Decision Date02 December 1918
Citation254 F. 454
PartiesPRIMOS CHEMICAL CO. v. FULTON STEEL CORPORATION.
CourtU.S. District Court — Northern District of New York

This is an application by the Primos Chemical Company, the above-named complainant, a creditor of defendant, for the appointment of the three receivers named by the United States District Court in the Southern District of New York of all the property of defendant as ancillary receivers of the property of the defendant in the Northern District of New York. The application is based on an ancillary bill filed in the Northern District, which sets out the pendency of the action and the action of the court in the Southern District and which allegations the plaintiff refuses, on request so to do, to eliminate from such bill filed in the Northern District.

Another creditor of the defendant has appeared herein by intervention, and has filed an answer denying all allegations of the ancillary bill filed in the Northern District which would give the District Court in the Southern District jurisdiction of the subject-matter of the suit, and denies jurisdiction in that court to entertain the suit and appoint receivers, and of this court to recognize that action or take any proceedings ancillary thereto, so far as property of the defendant in the Northern District of New York is concerned. The intervening creditor does not object to the court in the Northern District taking jurisdiction of an independent bill filed in that district by a proper party complainant asking for receivers, or to the appointment of receivers by this court in such an independent and primary action in the Northern District.

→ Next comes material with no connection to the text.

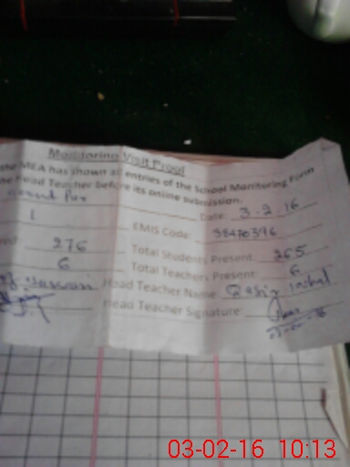 | Attendance Register | Head Teacher | MEA with School | Visit Proof |

In the action commenced in the Southern District, as well as in the ancillary action brought in the Northern District, the defendant appears in person by its president, not by attorney, and files an answer as follows: 'The defendant above named herein admits each and every allegation contained in the said bill of complaint and submits its right in the premises to the protection of the court. Fulton Steel Corporation, by Harry C. Beaver, President. Attest: Wm. M Bailey, Vice President.'

The answer of the intervener also sets up facts showing that the principal place of business of the defendant corporation is and always has been at Fulton, in the Northern District of New York, where all of its real estate and all of its property of a fixed nature or character is situated, and that it had none and has none in the Southern District.

The intervening creditor in the Northern District also files opposing affidavits, showing, if the allegations be true that the Fulton Steel Corporation is a corporation of the state of New York, organized and doing business as a manufacturing corporation at the city of Fulton, Oswego county, N.Y., in the Northern District of New York, and that in its articles of incorporation its principal place of business is stated to be at Fulton aforesaid, and that in fact its principal place of business is and always has been at the city of Fulton, Northern District of New York, and that all its real property and all its property of a fixed nature or character and the greater part of its personal property was when the suit in the Southern District was instituted, and now is, in the Northern District of New York and that such corporation had and has no real estate or property of a fixed character or nature in the Southern District of New York.

Wm. S. Elder, of Auburn, N.Y., for complainant.

Costello, Burden, Cooney & Walters and Chas. V. Byrne, all of Syracuse, N.Y., for intervening creditor.

RAY, District Judge (after stating the facts as above).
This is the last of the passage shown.